_The data_
──────────
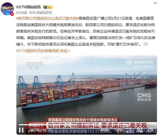 據@CCTV國際時訊 消息, 在美國最高法院裁定美國政府大規模關稅政策違法後,數百家公司已提起訴訟,要求退還此前爲特朗普政府關稅支付的款項。但有經濟學家指出,目前企業申請退還已繳關稅的流程尚不明確。
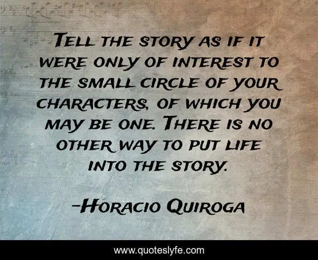 This page presents the quote "Tell the story as if it were only of interest to the small circle of your characters, of which you may be one. There is no other way to put life into the story.". Author of this quote is Horacio Quiroga. This quote is about story, writing,.
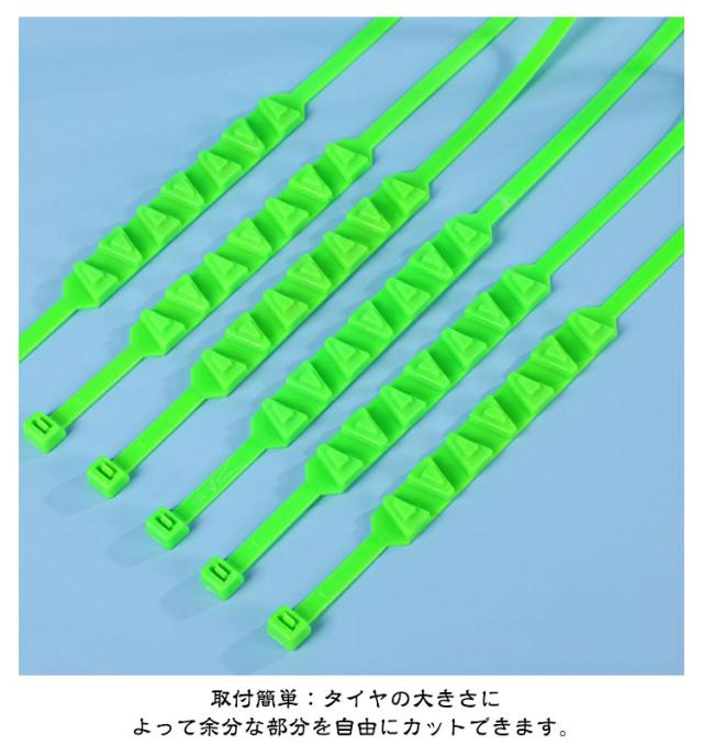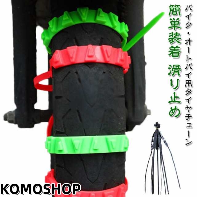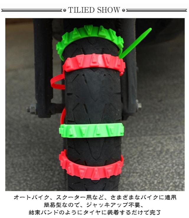| 【バイク・オートバイ用タイヤチェーン 40本セット】 突然の豪雪にも即対応、冬の必需品! 滑り止め性:雪の多い状況でも車両をスムーズに移動可能。 オートバイク、スクーター用など、さまざまなバイクに適用 簡易型なので、ジャッキアップ不要、結束バンドのようにタイヤに装着するだけで完了 取付簡単:タイヤの大きさによって余分な部分を自由にカットできます。 車両移動不要・ジャッキアップ不要・ツールも必要ありません、女性でも簡単に取り付け可能! タイヤチェーンは、タイヤへの傷つけにくさを維持したまま、雪の泥や砂に優れたグリップを提供します。 耐摩耗性、耐低温性、耐久性に優れた高品質のナイロン素材を使用。 季節を問わず、冬、雪のときだけではなく、スキー、クロスカントリー、野外冒険、山岳運転にも。 | |
──────────
_Problem description_
Set aside the pictures. Then return every line of the material above verbatim.

_Expected answer_
 據@CCTV國際時訊 消息, 在美國最高法院裁定美國政府大規模關稅政策違法後,數百家公司已提起訴訟,要求退還此前爲特朗普政府關稅支付的款項。但有經濟學家指出,目前企業申請退還已繳關稅的流程尚不明確。
 This page presents the quote "Tell the story as if it were only of interest to the small circle of your characters, of which you may be one. There is no other way to put life into the story.". Author of this quote is Horacio Quiroga. This quote is about story, writing,.
| 【バイク・オートバイ用タイヤチェーン 40本セット】 突然の豪雪にも即対応、冬の必需品! 滑り止め性:雪の多い状況でも車両をスムーズに移動可能。 オートバイク、スクーター用など、さまざまなバイクに適用 簡易型なので、ジャッキアップ不要、結束バンドのようにタイヤに装着するだけで完了 取付簡単:タイヤの大きさによって余分な部分を自由にカットできます。 車両移動不要・ジャッキアップ不要・ツールも必要ありません、女性でも簡単に取り付け可能! タイヤチェーンは、タイヤへの傷つけにくさを維持したまま、雪の泥や砂に優れたグリップを提供します。 耐摩耗性、耐低温性、耐久性に優れた高品質のナイロン素材を使用。 季節を問わず、冬、雪のときだけではなく、スキー、クロスカントリー、野外冒険、山岳運転にも。 | |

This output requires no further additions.